Animals, just like humans, have a range of emotional problems too. They have feelings, also. And just like humans, it is challenging for them when they are not feeling well emotionally.
Some shelters are overcrowded enough. Thus, they don’t have the time or resources to tend to each animals’ mental health and wellness. But there is still a chance for stressed and mentally challenged dogs to heal and overcome their pasts.
With the help of ASPCA’s Behavioral Rehabilitation Center, animals can get the best mental health and wellness care. They have a dormitory in Weaverville, North Carolina, and it houses up to 65 dogs. They have rescued many from hoarding situations and puppy mills.

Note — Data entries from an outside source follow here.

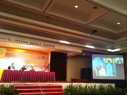 World Buddhist Conference at Kuala Lampur on the theme of "Transcending Negative Emotions", from November 3-4, 2012. The World Buddhist Conference organizers from Malaysia sincerely and with dedication requested Chamgon Dorjechang Kenting Tia Situpa to be the Keynote Speaker on the opening day of the Conference and hold a session on second day on the subject of "Transcending Ordinary Happiness into spiritual well-being", during the two-day World Buddhist Conference at Kuala Lampur, Malaysia from November 3-4, 2012. Due to unforeseen reasons Chamgon Dorjechang Kenting Tia Situpa did not manage to join physically, but during this two-day World Buddhist Conference there was a pre-recorded Keynote Speech on the first day and a live teaching from Chamgon Dorjechang Kenting Tia Situpa took place on the second day via webcast. Everyone who participated in the two-day World Buddhist conference at Kuala Lampur, Malaysia, received these profound teachings and blessings. Originally also teachings and empowerments were arranged at the request of the Vajrayana Buddhist Council of Malaysia from November 5-11, 2012, and most of the programs were cancelled since Chamgon Dorjechang Kenting Tia Situpa was not present. However, Venerable Tsultrim Namdak Rinpoche and Lama Tenam Shastri (Private Secretary to Chamgon Dorjechang Kenting Tia Situpa) and two other monks from Palpung Sherabling participated at the two-day World Buddhist Conference, and most of the programs were carried out by Venerable Khenpo Tsultrim Namdak Rinpoche who represented Chamgon Dorjechang Kenting Tia Situpa for this pre-arranged program. The 27 Vajrayana Buddhist centers who put their efforts toward the visit of Chamgon Dorjechang Kenting Tia Situpa were very sad, but fortunately most of the programs were blessed by Chamgon Dorjechang Kenting Tai Situpa through pre-recorded messages and also by live webcasting during the grand dinner hosted at the One World Hotel and organized by The Kuan Yin Contemplative Order, Kuala Lampur, Malayisa.
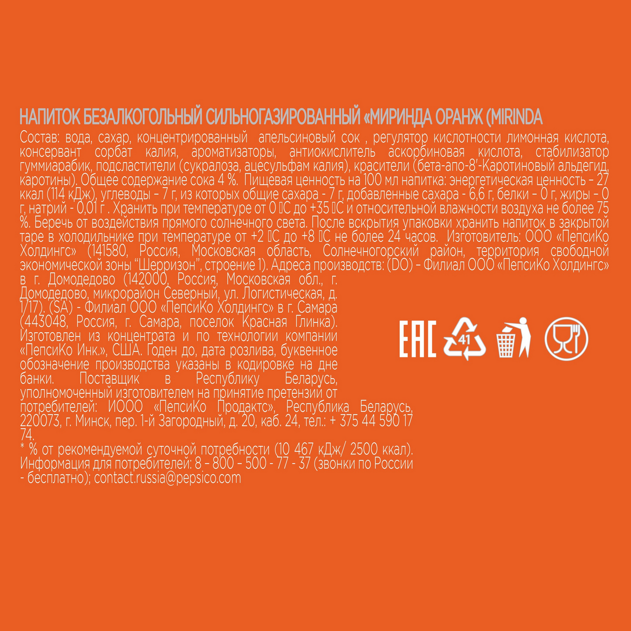 Миринда - яркий, освежающий напиток с насыщенным вкусом и ароматом апельсина. О бренде: Mirinda появилась в горячей Испании в 1959 году, и в переводе с эсперанто название означает "достойный удивления". Яркий вкус напитка позволяет убедиться, что Mirinda действительно способна удивлять!●Освежающий вкус и сладкий аромат апельсина, яркий оранжевый цвет и пузырьки – насыщенный микс ощущений Mirinda!●Насыщенн��й вкус и аромат апельсина●Попробуй прямо сейчас!●С натуральным апельсиновым соком!Миринда - яркий, освежающий напиток с насыщенным вкусом и ароматом фруктов и ягод. О бренде: Mirinda появилась в горячей Испании в 1959 году, и в переводе с эсперанто название означает "достойный удивления". Яркий вкус напитка позволяет убедиться, что Mirinda действительно способна удивлять!В ассортименте Mirinda классический вкус апельсина с натуральным апельсиновым соком и линейка Mix-It с неожиданными и яркими вкусовыми сочетаниями: клубника-личи и ананас-груша. Стремясь удивлять и вдохновлять своих потребителей,
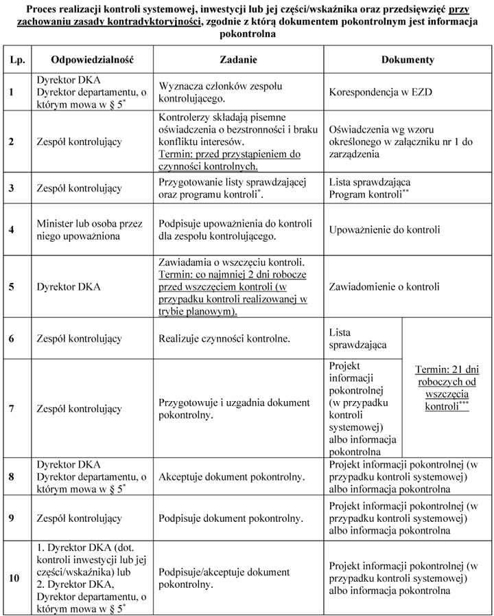 PROCES REALIZACJI KONTROLI SYSTEMOWEJ, INWESTYCJI LUB JEJ CZĘŚCI/WSKAŹNIKA ORAZ PRZEDSIĘWZIĘĆ PRZY ZACHOWANIU ZASADY KONTRADYKTORYJNOŚCI, ZGODNIE Z KTÓRĄ DOKUMENTEM POKONTROLNYM JEST INFORMACJA POKONTROLNA
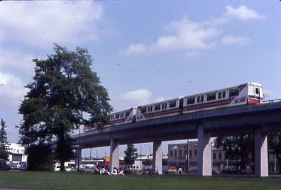Skytrain was unveiled just prior to Expo 86. Hailed as one of the most advanced rapid transit systems in the world, it was not surprising that part of the route straddled the fair. For fairgoers themselves, Skytrain was the> primary shuttle link between the Canada Pavilion on the North end of Downtown and the main site on the shores of False Creek.

While staying here, a mentally challenged dog can become suitable for adoption. Many professionals can also learn essential behavior modification techniques here. The facility has individual kennels and entire rooms to help dogs familiarize themselves with the concept of home. Furthermore, it also features an outdoor play area and a large indoor training area.
The idea of a Behavioral Rehabilitation Center came about ten years ago, through Collins, Dr. Pamela Reid, and Dr. Katherine Miller. Since its founding in 2013, the full-time staff grew from five to over thirty. It included veterinarians, research scientists studying behavioral therapy, and trainers.
Amazingly, about 87% of the dogs who underwent rehabilitation since 2013 now have forever homes. Because of that success, the rehab facility in North Carolina became a permanent establishment in 2018. More importantly, the BRC is part of what the ASPCA would call a “knowledge hub”.
This means that the knowledge learned from behaviorally challenged dogs and how to deal with it can be passed and help other dogs with similar experiences. The staff observes each dogs’ daily progress and treatment during their stay.
Even though the Covid-19 pandemic stopped the staff from visiting shelters around the country, they still found a way to impart knowledge and information through online courses. Currently, more than 500 dogs have already graduated from BRC’s 3-month training course.
The dogs who underwent the program grew to enjoy human company and respond to basic commands. After the training, the dogs are placed in ASPCA’s network of partner shelters and rescue groups, ready for adoption.